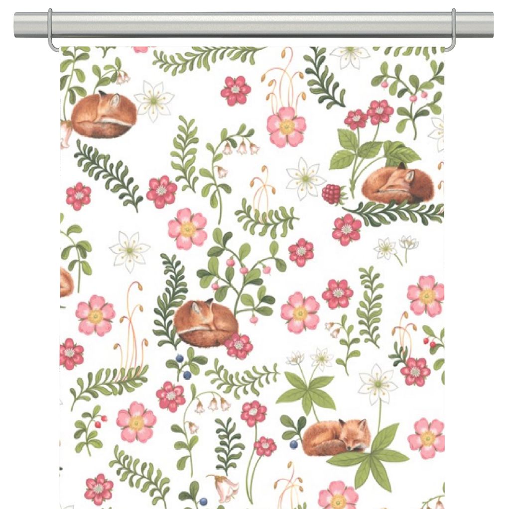 2-pack panelgardiner med offwhite botten, söta sovande rävar och blommor från Arvidssons textil.
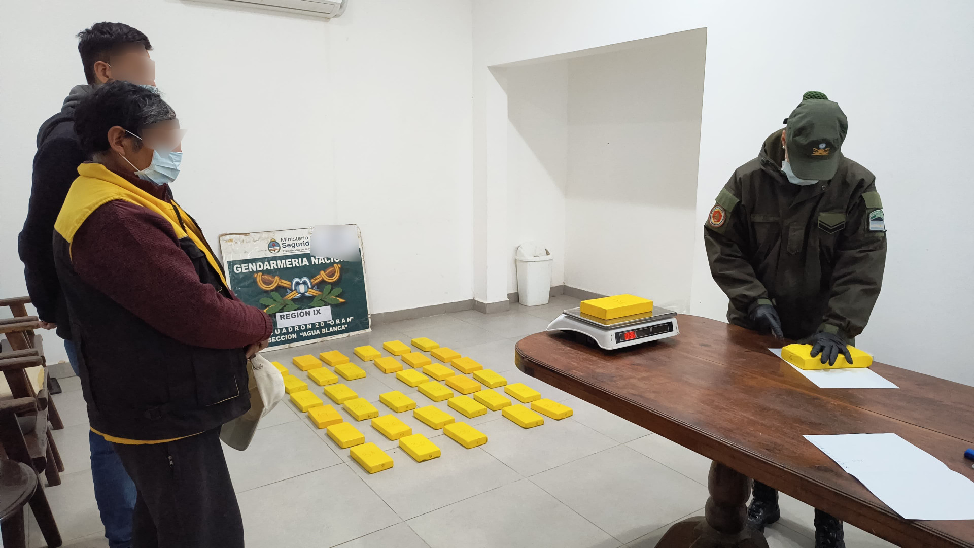 Los ladrillos fueron sometidos a la prueba de campo Narcotest que arrojó como resultado positivo para cocaína con un peso total de 37 kilos 674 gramos.
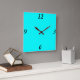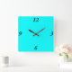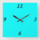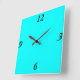 Belo relógio da parede turquesa com números pretos. Legal cor e números legal em um relógio para uma aparência de excelente.
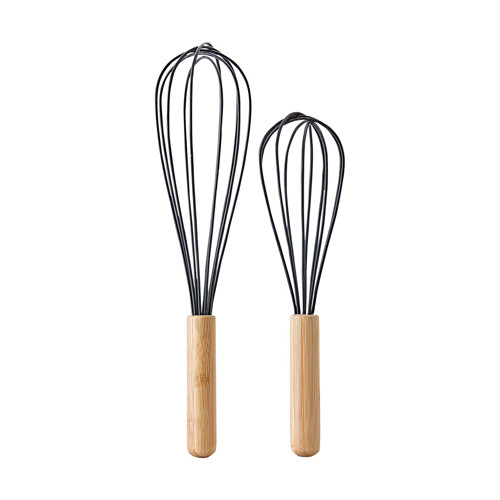 Mala in velika metlica z bambusovim ročajem sta na vrhu premazani s silikonom, ki preprečuje, da bi med uporabo pustili oznake na loncih.
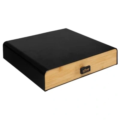 Five Universal Capsule Holder Metal and Bamboo Size: L 33 x D 31 x H 7.5 cm - Material: metal and bamboo - Can be used horizontally and vertically - Compatible with all capsules thanks to its removable dividers: Horizontal: - Espresso x 64 - Vertuo x 25 - Dolce Gusto x 30 - Tassimo x 48 - Special T x 35 - Vertical: - Espresso x 40 - Vertuo x 25 - Dolce Gusto x 25 - Tassimo x 48 - Special T x 35 - Model: black
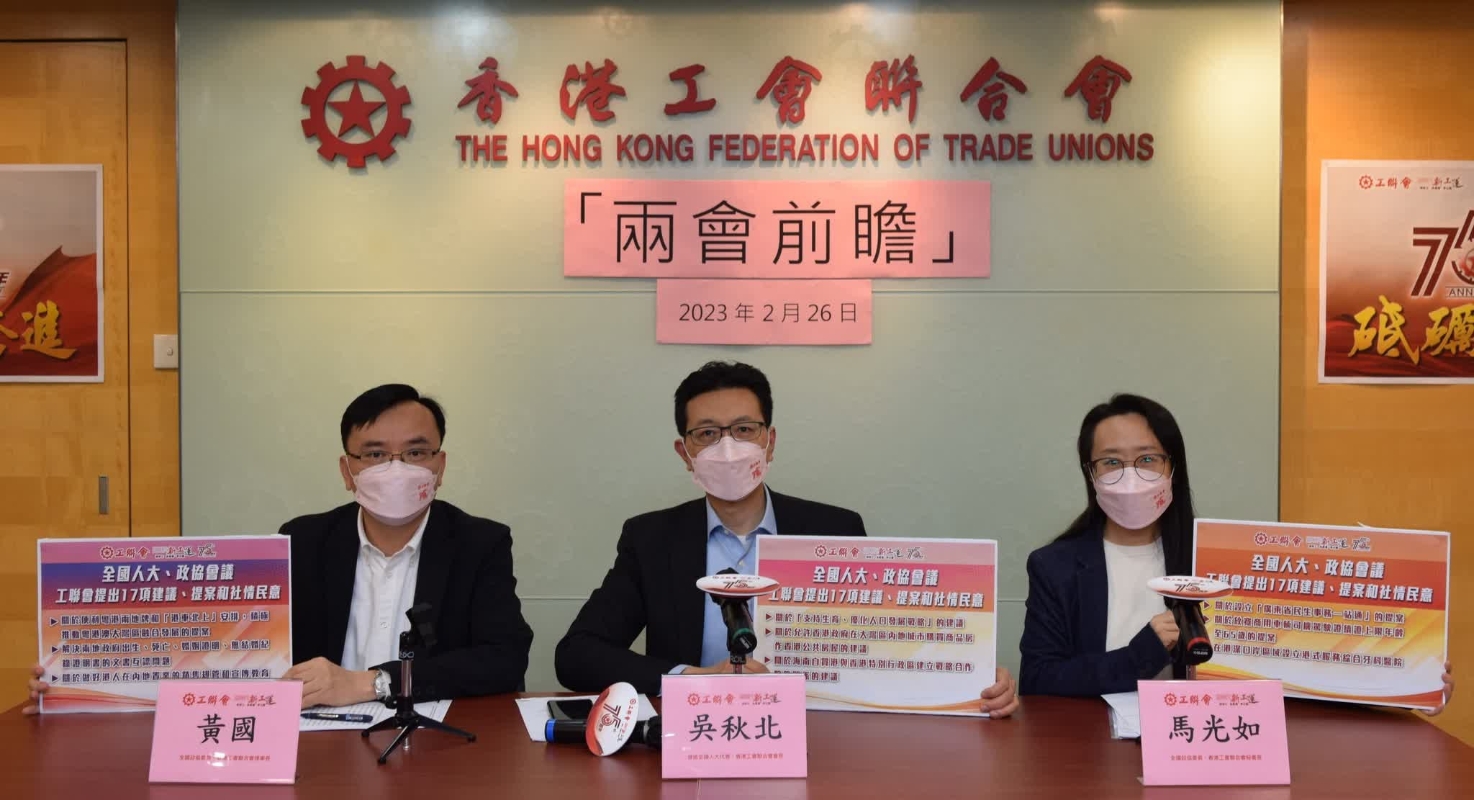 (圖源:香港工聯會臉書) 港區全國人大代表、工聯會會長吳秋北,全國政協委員、工聯會理事長黃國,全國政協委員、工聯會秘書長馬光如26日舉行記者會,建議包括全面落實“支援生育、優化人口發展戰略”,允許特區政府整體購買內地大灣區城市閒置商品房作為香港公屋,取消港澳台學生豁免修讀“思想政治教育課”,將香港納入國家人體器官共用系統,以及便利粵港兩地車牌和“港車北上”的安排等。 吳秋北表示,香港熟地稀少,興建公屋的建築成本高昂,以“簡約公屋”為例,每單位成本超過86萬,而每個單位每月管理費達到2,450元,僅這筆管理費,如果在部分大灣區城市,比如東莞、深圳龍華區、佛山等租住房屋,已能租到三房單位,最小也有700平方呎,所以,建議內地政府允許特區政府整體購買內地大灣區城市閒置商品房作為香港公屋,解決香港基層市民住房困難,推動大灣區融合。 工聯會表示,今年是國家發展極為重要的一年,隨着香港與內地恢復全面通關,更有利推進兩地高質量發展。工聯會將會堅定準確地落實“二十大”精神,結合《粵港澳大灣區發展規劃綱要》,即時反映港人關心的議題和訴求,切實發揮溝通兩地的作用。 【編輯:王瑶】
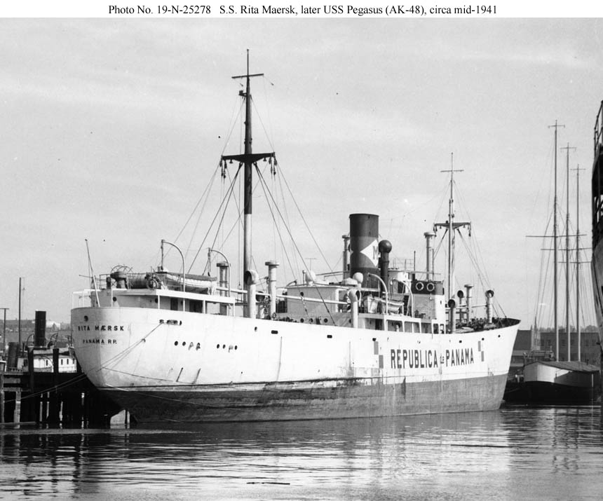 This Danish cargo ship is shown at New York, probably in mid-1941 soon before she began conversion to USS Pegasus (AK-48).
★ ★ ★ ★ ★
The answer must reproduce every line of the records above exactly, with all pictures left out.

> _Answer for this exercise_
 2-pack panelgardiner med offwhite botten, söta sovande rävar och blommor från Arvidssons textil.
 Los ladrillos fueron sometidos a la prueba de campo Narcotest que arrojó como resultado positivo para cocaína con un peso total de 37 kilos 674 gramos.
 Belo relógio da parede turquesa com números pretos. Legal cor e números legal em um relógio para uma aparência de excelente.
 Mala in velika metlica z bambusovim ročajem sta na vrhu premazani s silikonom, ki preprečuje, da bi med uporabo pustili oznake na loncih.
 Five Universal Capsule Holder Metal and Bamboo Size: L 33 x D 31 x H 7.5 cm - Material: metal and bamboo - Can be used horizontally and vertically - Compatible with all capsules thanks to its removable dividers: Horizontal: - Espresso x 64 - Vertuo x 25 - Dolce Gusto x 30 - Tassimo x 48 - Special T x 35 - Vertical: - Espresso x 40 - Vertuo x 25 - Dolce Gusto x 25 - Tassimo x 48 - Special T x 35 - Model: black
 (圖源:香港工聯會臉書) 港區全國人大代表、工聯會會長吳秋北,全國政協委員、工聯會理事長黃國,全國政協委員、工聯會秘書長馬光如26日舉行記者會,建議包括全面落實“支援生育、優化人口發展戰略”,允許特區政府整體購買內地大灣區城市閒置商品房作為香港公屋,取消港澳台學生豁免修讀“思想政治教育課”,將香港納入國家人體器官共用系統,以及便利粵港兩地車牌和“港車北上”的安排等。 吳秋北表示,香港熟地稀少,興建公屋的建築成本高昂,以“簡約公屋”為例,每單位成本超過86萬,而每個單位每月管理費達到2,450元,僅這筆管理費,如果在部分大灣區城市,比如東莞、深圳龍華區、佛山等租住房屋,已能租到三房單位,最小也有700平方呎,所以,建議內地政府允許特區政府整體購買內地大灣區城市閒置商品房作為香港公屋,解決香港基層市民住房困難,推動大灣區融合。 工聯會表示,今年是國家發展極為重要的一年,隨着香港與內地恢復全面通關,更有利推進兩地高質量發展。工聯會將會堅定準確地落實“二十大”精神,結合《粵港澳大灣區發展規劃綱要》,即時反映港人關心的議題和訴求,切實發揮溝通兩地的作用。 【編輯:王瑶】
 This Danish cargo ship is shown at New York, probably in mid-1941 soon before she began conversion to USS Pegasus (AK-48).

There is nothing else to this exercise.